On Good Friday, the entire Church fixes her gaze on the Cross at Calvary. Each member of the Church tries to understand at what cost Christ has won our redemption. In the solemn ceremonies of Good Friday, in the Adoration of the Cross, in the chanting of the ‘Reproaches’, in the reading of the Passion, and in receiving the pre-consecrated Host, we unite ourselves to our Savior, and we contemplate our own death to sin in the Death of our Lord.
The Church – stripped of its ornaments, the altar bare, and with the door of the empty tabernacle standing open – is as if in mourning. In the fourth century the Apostolic Constitutions described this day as a ‘day of mourning, not a day of festive joy,’ and this day was called the ‘Pasch (passage) of the Crucifixion.’
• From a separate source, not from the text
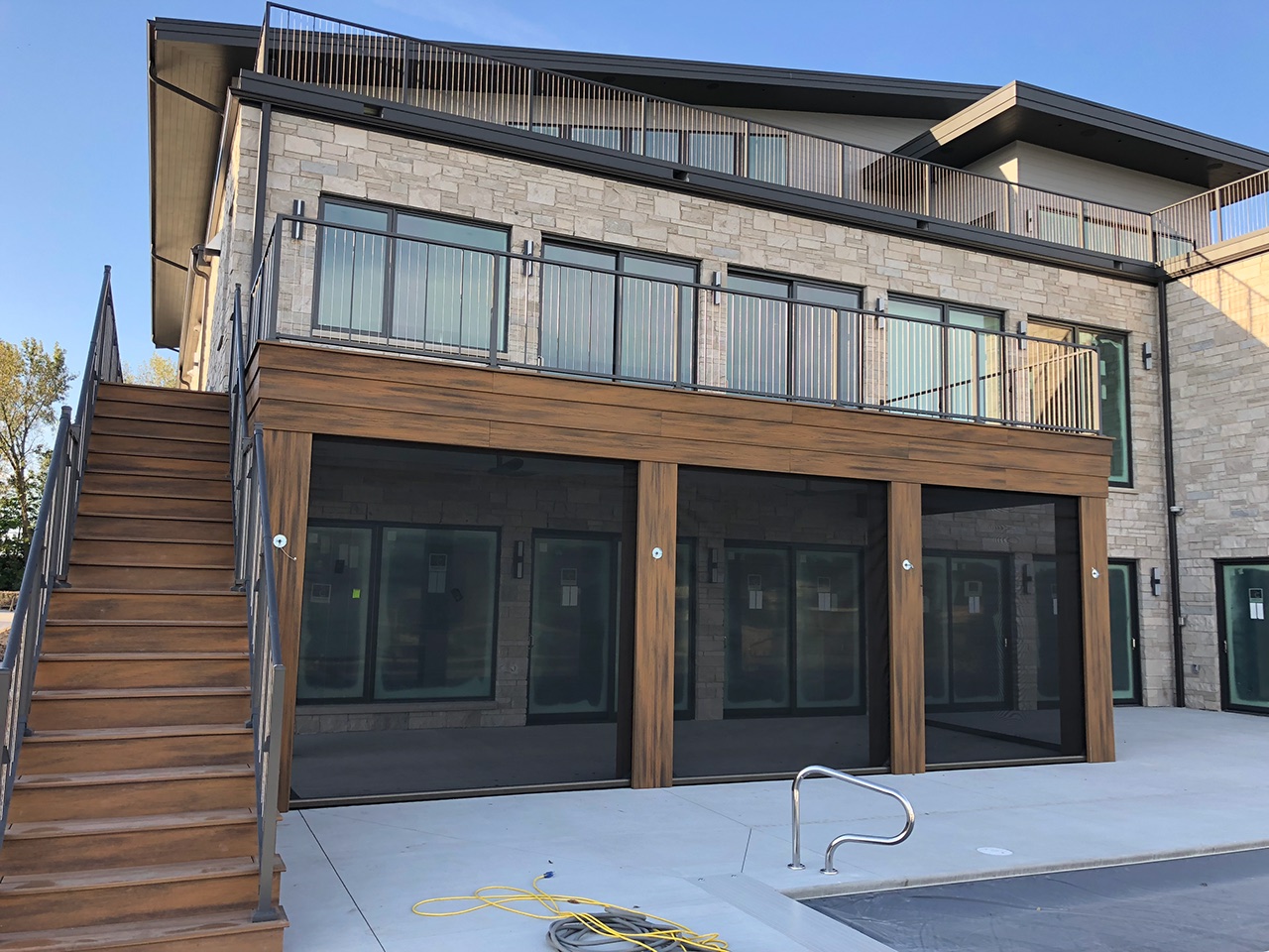 Naudodamas „Trex RainEscape“, Mitchell sugebėjo pristatyti visiškai užbaigtą ir hidroizoliuotą žemesnio lygio gyvenamąją erdvę, skirtą al freskos pramogoms. Trys į garažą panašios angos, pastatytos denio pagrinde, yra įrengtos su įtraukiamais fantomo ekranais, kuriuos galima atidaryti lauko prieigai arba uždaryti, kad būtų sukurtas patogus, daugiasezonis kambarys. Didžiausiame iš atidarymų yra dvigubas takelis, kuriame yra kino projekcijos ekranas, kuris akimirksniu paverčia erdvę prabangiu lauko namų teatru.

The liturgical observance of this day of Christ’s suffering, crucifixion and death evidently has been in existence from the earliest days of the Church. No Mass is celebrated on this day, but the service of Good Friday is called the Mass of the Presanctified because Communion (in the species of bread) which had already been consecrated on Holy Thursday is given to the people .
Traditionally, the organ is silent from Holy Thursday until the Alleluia at the Easter Vigil , as are all bells or other instruments, the only music during this period being unaccompanied chant.
The omission of the prayer of consecration deepens our sense of loss because Mass throughout the year reminds us of the Lord’s triumph over death, the source of our joy and blessing. The desolate quality of the rites of this day reminds us of Christ’s humiliation and suffering during his Passion. We can see that the parts of the Good Friday service correspond to the divisions of Mass:
- Liturgy of the Word – reading of the Passion.
- Intercessory prayers for the Church and the entire world, Christian and non-Christian.
- Veneration of the Cross
- Communion, or the ‘Mass of the Pre-Sanctified.’
The Veneration of the Cross
In the seventh century, the Church in Rome adopted the practice of Adoration of the Cross from the Church in Jerusalem, where a fragment of wood believed to be the Lord’s cross had been venerated every year on Good Friday since the fourth century. According to tradition, a part of the Holy Cross was discovered by the mother of the emperor Constantine, St. Helen, on a pilgrimage to Jerusalem in 326. A fifth century account describes this service in Jerusalem. A coffer of gold-plated silver containing the wood of the cross was brought forward. The bishop placed the relic on the a table in the chapel of the Crucifixion and the faithful approached it, touching brow and eyes and lips to the wood as the priest said (as every priest has done ever since): ‘Behold, the Wood of the Cross.’
Adoration or veneration of an image or representation of Christ’s cross does not mean that we are actually adoring the material image, of course, but rather what it represents. In kneeling before the crucifix and kissing it we are paying the highest honor to the our Lord’s cross as the instrument of our salvation. Because the Cross is inseparable from His sacrifice, in reverencing His Cross we are, in effect, adoring Christ. Thus we affirm: ‘We adore Thee, O Christ, and we bless Thee because by Thy Holy Cross Thou has Redeemed the World.’